_Work instructions:_ Only the lines from the start of the data below through the line that contains "Stratford station is" are to be copied, exactly and without pictures.

_Records to process:_
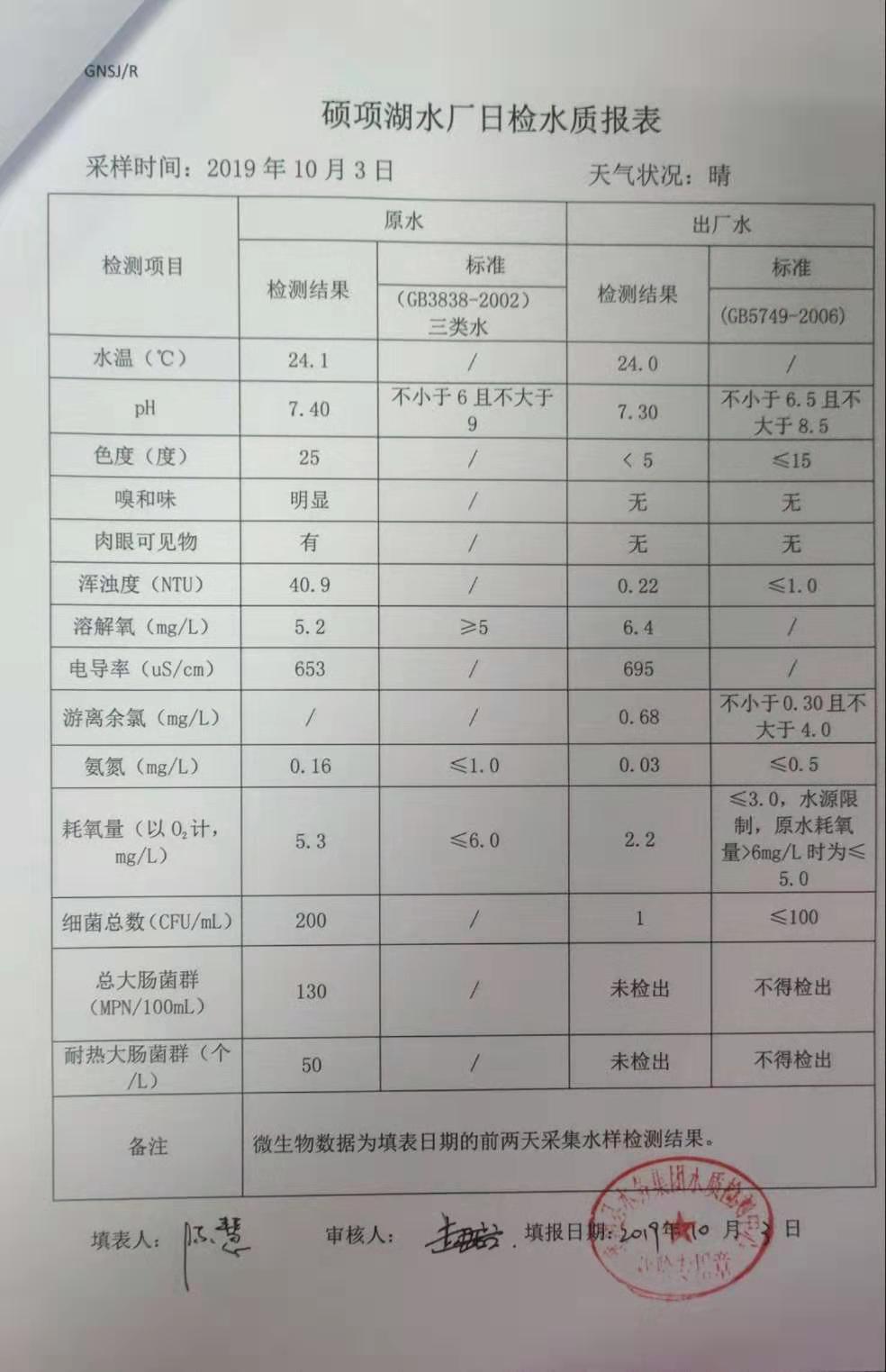 2019年10月3日硕项湖水厂水质报表
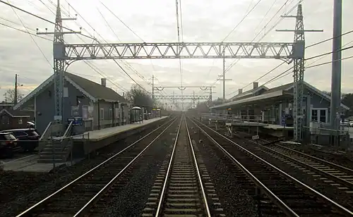 Stratford station is a commuter rail station on the Northeast Corridor in Stratford, Connecticut. It is served by the Metro-North Railroad New Haven Line plus limited CT Rail Shore Line East service. The station has two high-level side platforms, each four cars long, serving the four tracks of the Northeast Corridor.[2]: 22 The station has 294 parking spaces, which are all owned by the state.[3]
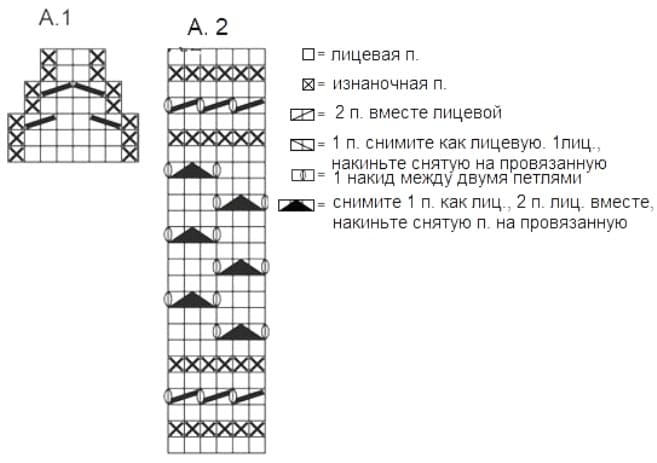Наберите 96/96/104 п. и вяжите первый узор ажурной резинки по схеме А 1 — один раппорт в высоту. В итоге на спицах станет 48/48/52 п.
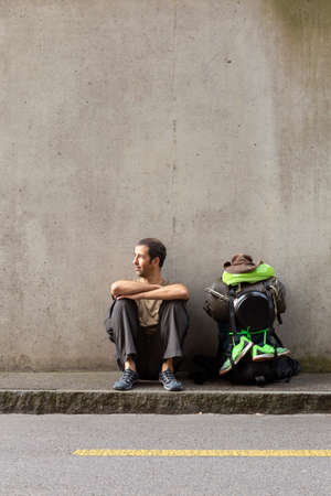 A single white adult man with a packed backpack sitting on the roadside in front of a gray wall taking a break from hitchhiking
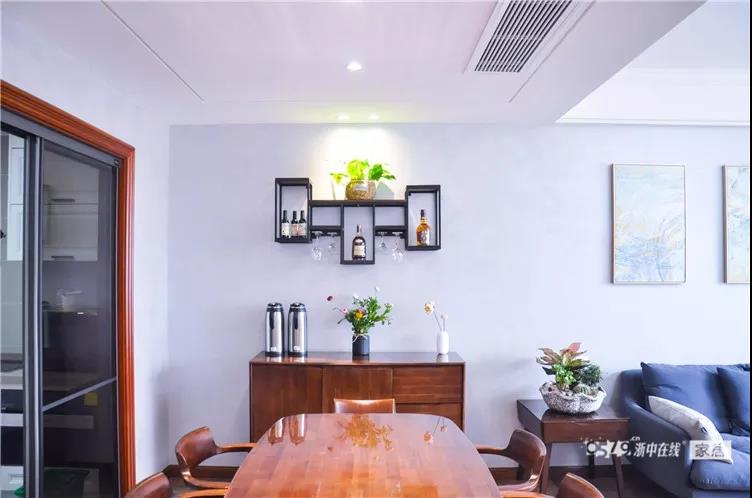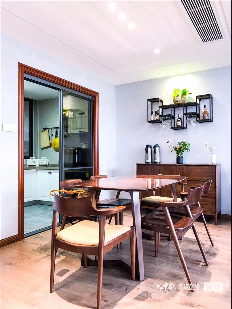 客餐廳互通,并以功能性家具規(guī)劃出場域,淺棕色木質(zhì)餐桌椅與色調(diào)一致的餐邊柜, 和諧統(tǒng)一,搭配墻面金屬酒架,滿足儲(chǔ)物與展示功能,大方雅致。
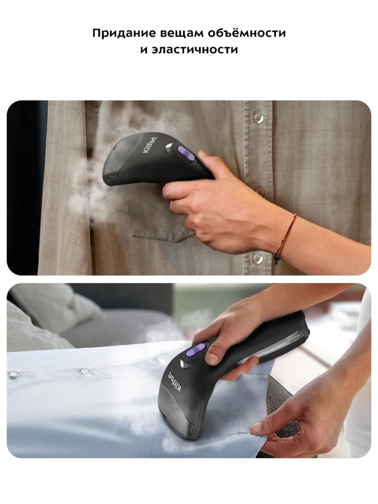 Ручной отпариватель Kitfort КТ-9199 предназначен для разглаживания изделий из текстиля с помощью потока горячего пара. Устройство обладает такими достоинствами, как мощный поток пара, минималистичный дизайн, удобство при использовании и хранении. Его можно брать с собой в дорогу — устройство не займет много места. Ручной отпариватель приведет в порядок вещи быстро и практически в любом месте — без раскладывания гладильной доски. Одежда при этом может висеть на вешалке, сушилке для белья или веревке.

_Answer box:_
 2019年10月3日硕项湖水厂水质报表
 Stratford station is a commuter rail station on the Northeast Corridor in Stratford, Connecticut. It is served by the Metro-North Railroad New Haven Line plus limited CT Rail Shore Line East service. The station has two high-level side platforms, each four cars long, serving the four tracks of the Northeast Corridor.[2]: 22 The station has 294 parking spaces, which are all owned by the state.[3]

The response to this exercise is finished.